Analysts on the call with them pointed out that some of the drop in operating earnings projections comes from the distribution businesses it wants to focus on. The costs for running it are getting higher even as revenue stagnates, company officials said.

To get the rate increases it wants, it’ll have to prove that to the state Public Utility Commission. It plans to make its request later this year, though company officials declined to say when or how much they would ask for.

Residential customers pay Pennsylvania Power $11.07 and West Penn $9.37 to deliver every 500 kWh, two of the three lowest rates in the state, according to state Public Utility Commission data. Together, the two serve about 878,000 Pittsburgh-area customers.

West Penn Power Co. hasn’t had a rate increase since 1994. Penn Power hasn’t since 1988. Each increase was more than $50 million coming from consumers, but that came before FirstEnergy owned those companies, and when they were still allowed to charge customers to help build new power plants. That isn’t allowed now.
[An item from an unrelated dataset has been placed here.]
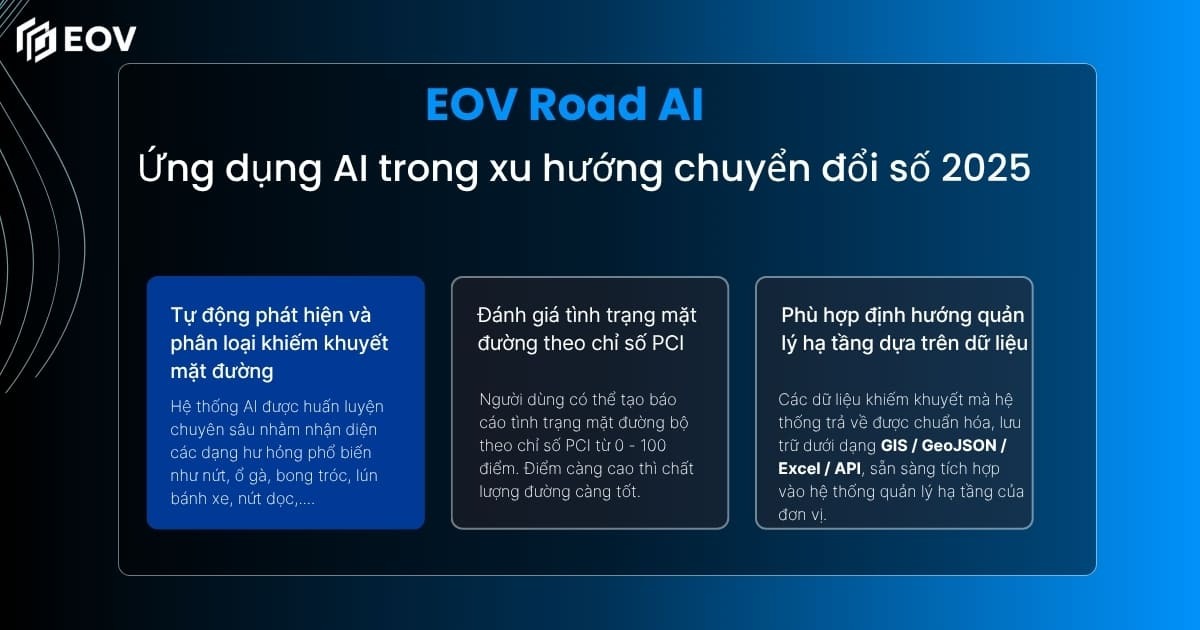 EOV Road AI là hệ thống do EOV Solutions trực tiếp nghiên cứu và phát triển. Giải pháp sử dụng video hành trình kết hợp GPS để phát hiện, phân loại và định vị các khiếm khuyết trên mặt đường.
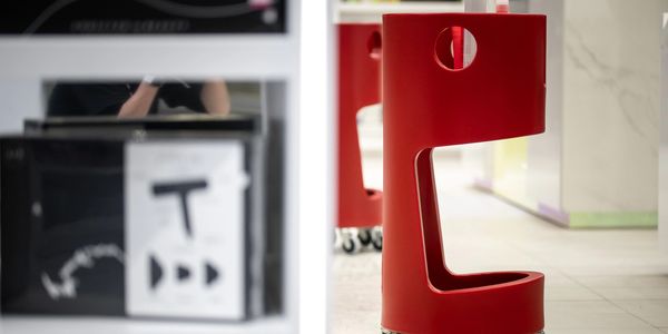 Avec sa forme cylindrique, Diego se glisse facilement dans le parcours de magasinage. Il peut transporter toutes sortes de produits, des plus petits aux plus volumineux — skis, couches, bouteilles de vin, tout y passe.

West Penn in particular has now long been known as having some of the lowest rates in the state, said Irwin A. “Sonny’ Popowsky, former leader of Pennsylvania’s Office of Consumer Advocate. But those rates, nor the long time since an update would guarantee a big rate hike, he added. There are costs, like low interest rates, that make it cheaper to do business, and that could limit any rate hikes.

“I’m glad they haven’t filed in a little while, but it isn’t a surprise” that they plan to now, Popowsky said. “As long as what they’re spending on distribution and transmission is prudent, then they can recover those costs.”